The crash, which leveled trees for hundreds of miles in Siberia, was followed by the appearance of extremely bright clouds, visible by night.

Similar clouds triggered by the flights of space shuttles through atmosphere were found over the planet's poles two days after a launch from Florida, research published in last week's Geophysical Research Letters shows.

The creation of so-called noctilucent, or night-shining clouds from water vapor in shuttle rocket plumes buttresses the theory that the clouds spotted after the 1908 impact were triggered by similar atmospheric dynamics, with the water vapor coming from a comet, lead researcher Michael Kelley told Discovery News.

"The shuttles put 300 metric tons of water vapor at the same region that a comet would," said Kelley, a professor at Cornell University.

The cause of what has been referred to as the "Great Siberian Impact Event," or the "Tunguska Event," has been debated for decades. No meteorite remains have ever been found and the appearance of the mysterious night-shining clouds led many scientists to suspect a comet was responsible.

"It's kind of important that the world got hit by a comet, since Jupiter just got hit again," Kelley said.

Astronomers have been watching an Earth-sized gouge in Jupiter's atmosphere believed to be caused by a comet impact on July 19.

Noctilucent clouds, which form at the edge of space 62 to 68 miles above the planet, are about 10 million times brighter than ordinary clouds. They contain electrically charged ice.

"It's a very difficult region to access," said Clemson University's Miguel Larsen.

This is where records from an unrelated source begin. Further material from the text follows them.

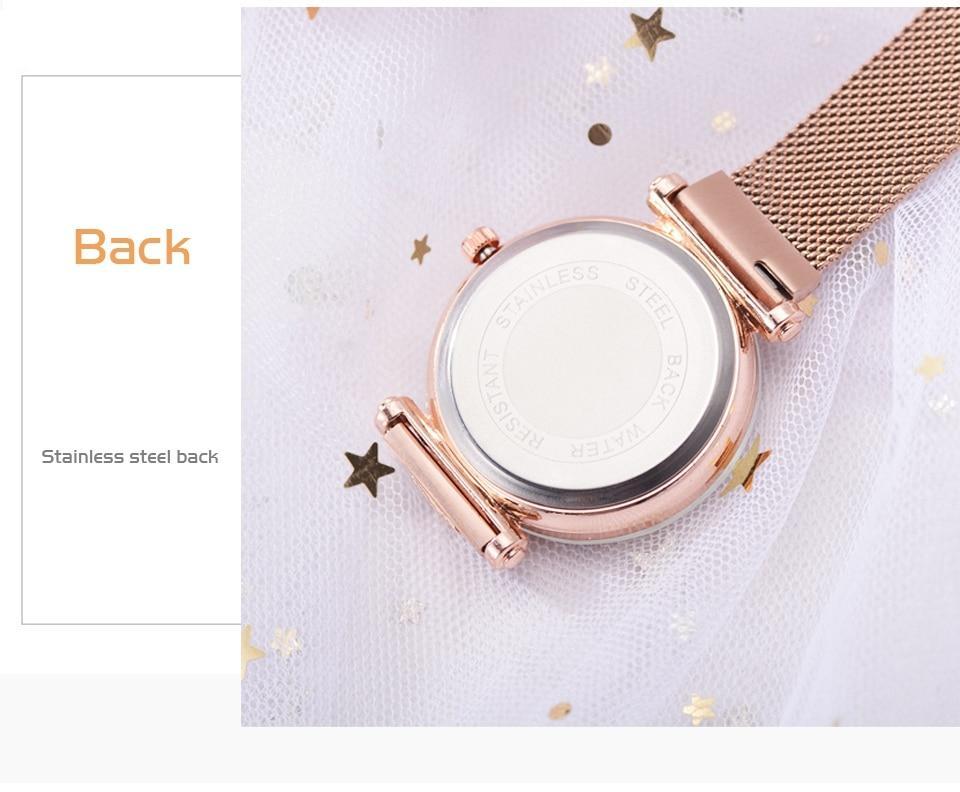 Norvo | Fasjonabel Unik Mesh Magnet Spenne Eksotisk Stjernespekket Diamant Designer Luksus Dameklokke
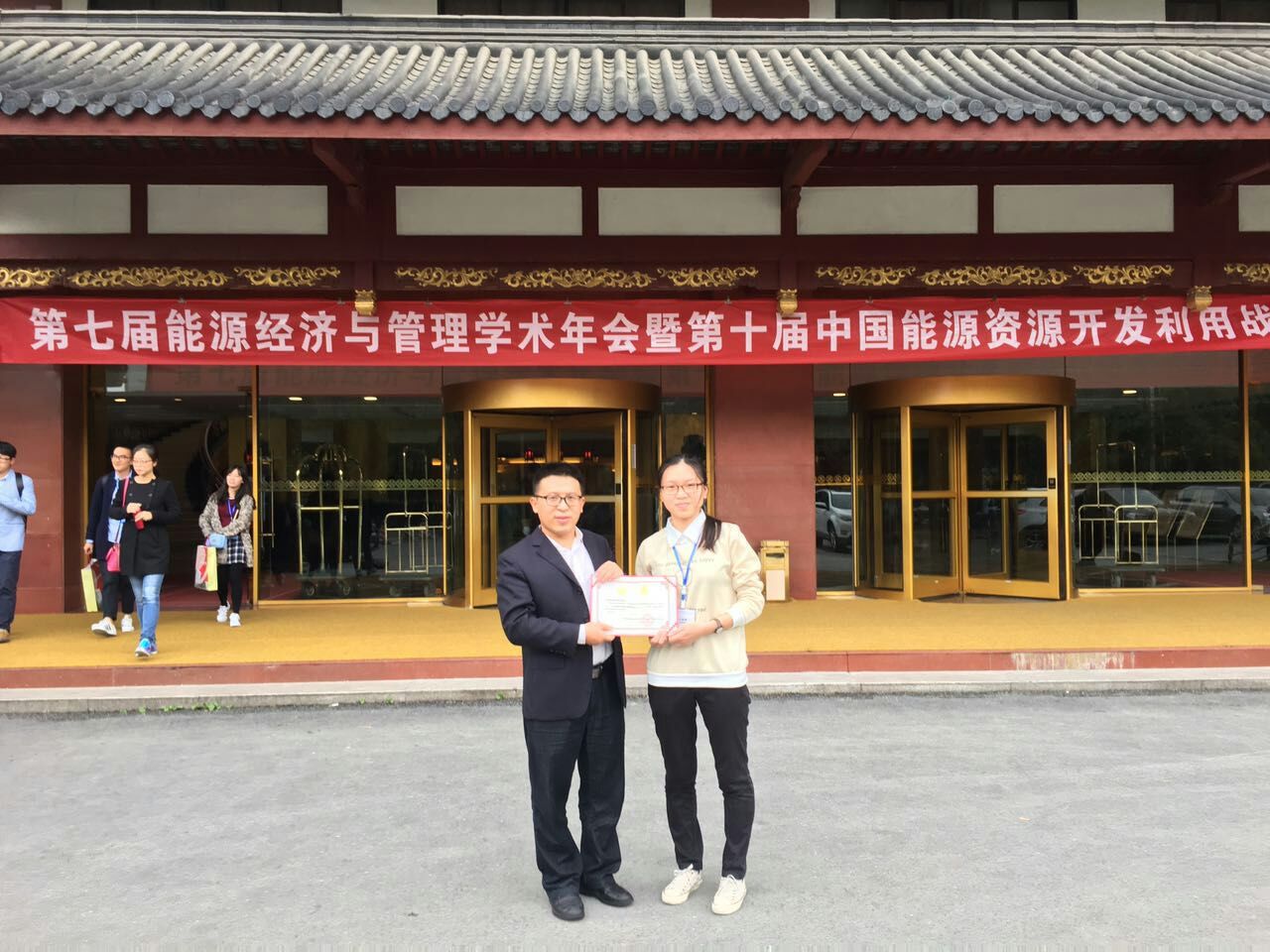 本校工商管理学院产业经济学2016级硕士研究生叶晓妹同学在导师赵晓丽教授的指导下,两人一起完成的论文《以电代煤的经济与环境效益分析》获得了“中国能源经济与管理优秀研究生论文三等奖”。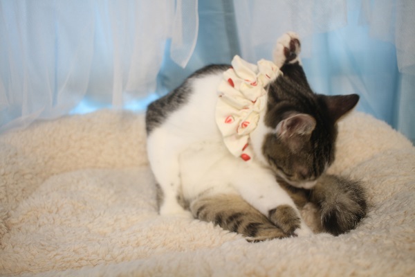 ※シュシュタイプはゴムがしっかり伸縮して猫が自分で外せるゆとりがあるかどうか - 猫が動いても苦しそうにしていない
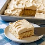 11. Frost the Cake: Spread the prepared peanut butter frosting evenly over the cooled sheet cake. Slice and serve.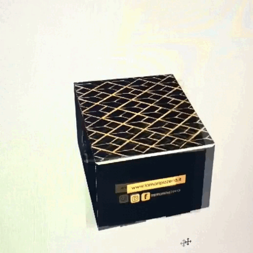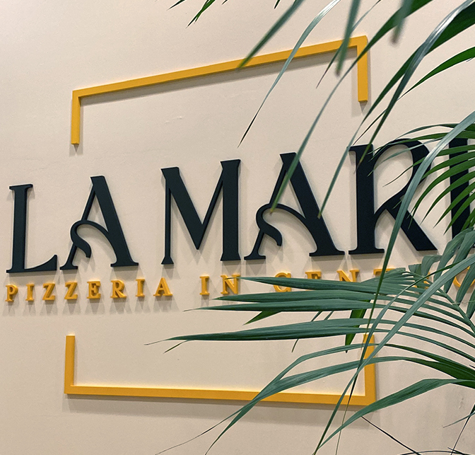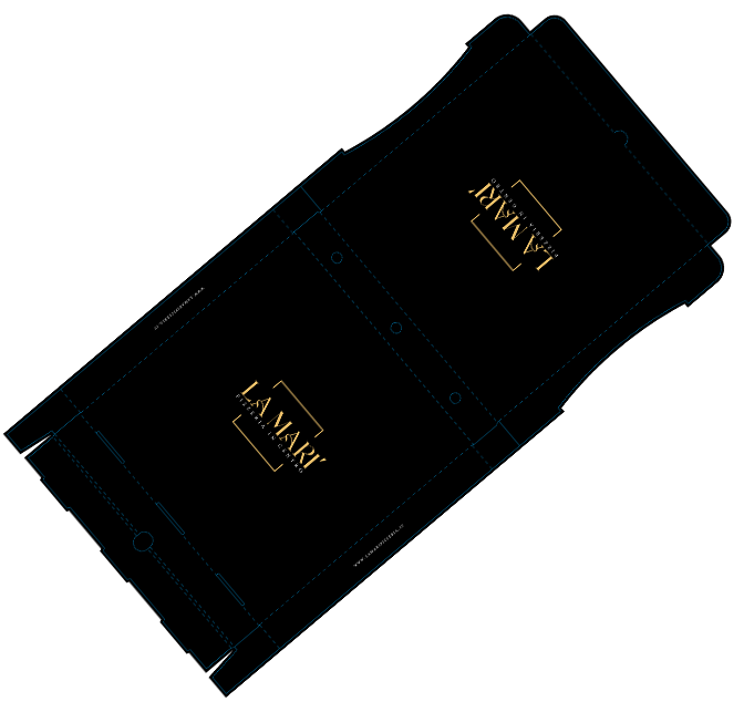 Abbiamo scelto di differenziarci per l’eleganza, il design dei packaging dei cartoni da pizza e dell’asporto della pizzeria La Marì: uno sfondo nero accoglie scritte dorate, creando un contrasto lussuoso e raffinato.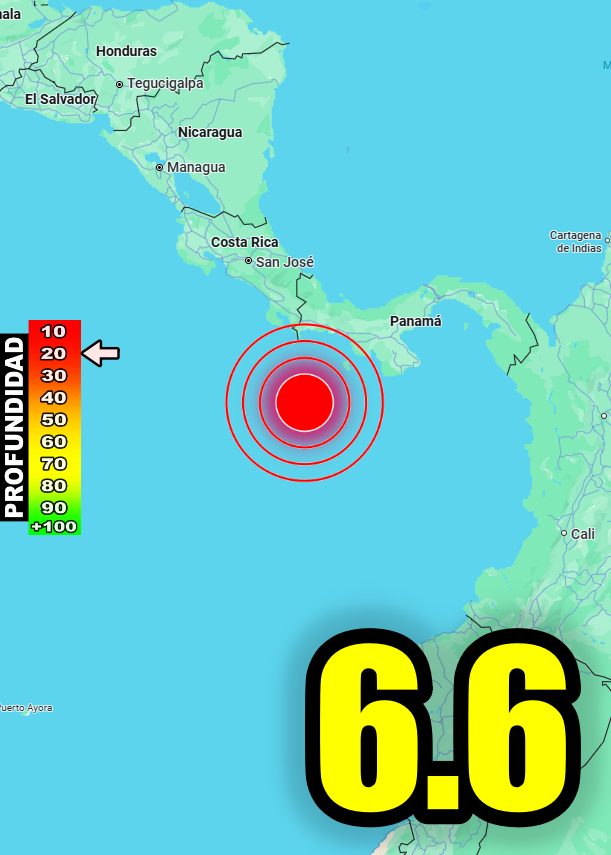 El epicentro del sismo se ubicó en el océano Pacífico, a unos 206 kilómetros al sur de la península de Burica, una zona marítima cercana a la frontera con Costa Rica. Además, el informe detalló que el temblor se originó a una profundidad de 10 kilómetros, lo que lo convierte en un evento relativamente superficial y por tanto más perceptible.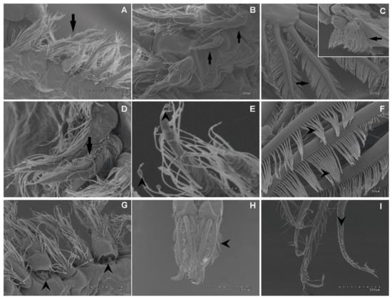 SEM. Pre-adult L-salmonis setae on proximal segment of first antenna: (A,C,H) Control animals; (B,D–G,I) animals after 2 weeks of sound exposure on sea trials. (A) Image of healthy setae bearing organized sensory hairs (arrow). (B) Setae showing flaccid or fused sensory hairs. Some of them have almost entirely lost the sensory hairs (arrows). (C) Pinnate setae on ventral arms presenting normal aspect (arrow). Insert in (C), lateral fraction of ventral arms presenting sensory hairs with normal aspect (arrow). (D) Section of proximal segment of the first antenna showing all the setae bearing bend and flaccid sensory hairs (arrow). (E) Sensory hairs showing blebs (arrowheads). (F) Pinnate setae on ventral arms are fused. (G) Setae partially ejected (arrowheads) above the antenna surface. (H) Normal aspect of the sensory hairs in the distal setae on caudal ramus. (I) Caudal ramus has partially lost the sensory hairs. Scale bar: (H) = 300 µm; (C,I); Insert in (C) = 100 µm; (F) = 50 µm; (A) = 30 µm; (B,D,G) = 20 µm; and (E) = 5 µm.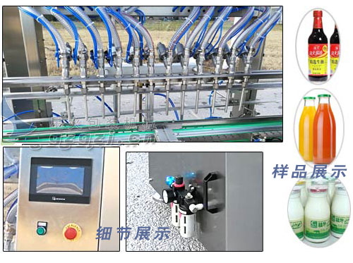 4、十二頭直流式液體灌裝機(jī)-羊奶玻璃瓶灌裝機(jī)具有無(wú)瓶不灌裝、自動(dòng)進(jìn)瓶出瓶、自動(dòng)定位灌裝、自動(dòng)控制液位等功能,自動(dòng)化程度高;灌裝嘴設(shè)計(jì)科學(xué)合理,配防滴漏裝置,確保灌裝不滴漏,保證物料瓶及設(shè)備的干凈衛(wèi)生。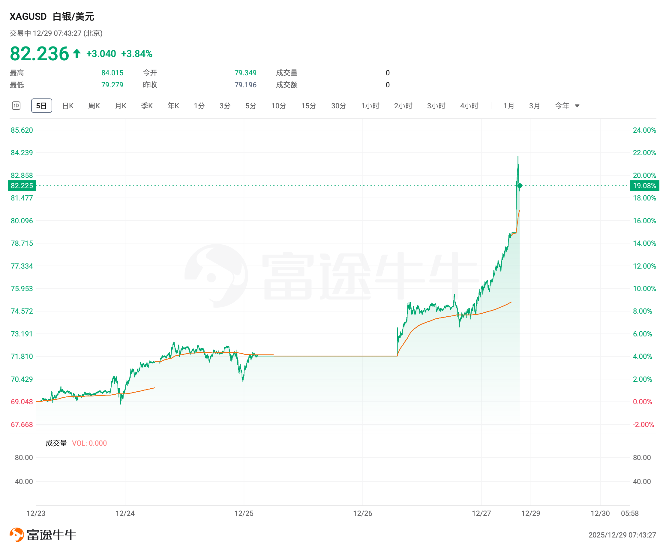 周一(12月29日),现货白银开盘暴力拉升,首次突破80美元/盎司关口, 并迅速突破83美元/盎司,日内涨幅超5%,今年累计涨幅扩大至52美元。同时,现货黄金周一高开逼近新高,随后有所回落,现报4538美元/盎司。

The shuttle plumes, which are laced with iron atoms and iron ions, provided researches with a way to track how water vapor is transported by winds and other dynamics of the upper atmosphere.

Noctilucent clouds, which have been increasing in appearance, also can serve to gauge if efforts to mitigate global climate changes are successful, Kelley added.

"It's thought that these clouds are like a miner's canary of global change," he said. "The atmosphere there is so tenuous its responsiveness to a mitigation technology would be easy to detect."